UCISA Conference Day One (March 11) - Blackboard

Spent this morning in a workshop hosted by Blackboard on managed hosting. The issues around the participants from other Universities were around "extended hours" (which was referred to as 24x7 but under closer scrutiny this was too broad a term), overseas and international collaboration activities (and managing support for students on those programs), a specific about students based in China (accessing resources through firewalls etc). There was also a fair amount of debate about the total cost of ownership of providing services whether managed or not, including the capital and recurrent elements, and of course the people investment. One Institution has five people running the system infrastructure. Interesting that none have 5 nines SLAs (or SLAs at all). Quite a debate about the mission critical nature of VLEs. So how mission critical are they really? more important than email? more important than getting out to the internet?

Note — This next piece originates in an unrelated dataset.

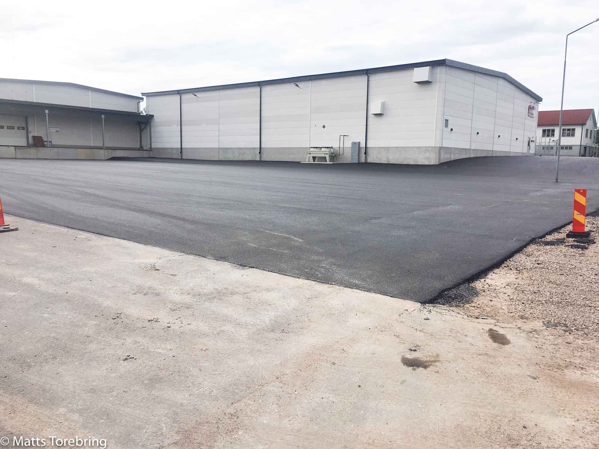 Här kommer många tradare att rymmas samtidigt. Vi har faktiskt fått riva ned hela fem hus, för att ge plats till detta. Om varje lastbil lastar 8 m3, har det gått åt 21 lastbilar med asfalt. Här har vi lagt 8 cm, på övriga delar 5 cm.

And if they are so important, our typical culture says if it's important we must keep control by doing it ourselves? The actual business case was coming down to other things like ensuring change is well managed, tested and resourced; difficulties managing a dynamic and interactive environment; finding at risk windows for rigorous test and changeover of systems; delivery of 99.7% SLAs with a guarantee etc. One unrelated snippet worth remembering: the hidden cost of JANET for campus students accessing managed hosting solutions – the recurrent annual osts of outsourcing e-mail were an additional £30k per annum (£30k to £60k) for one Insitution.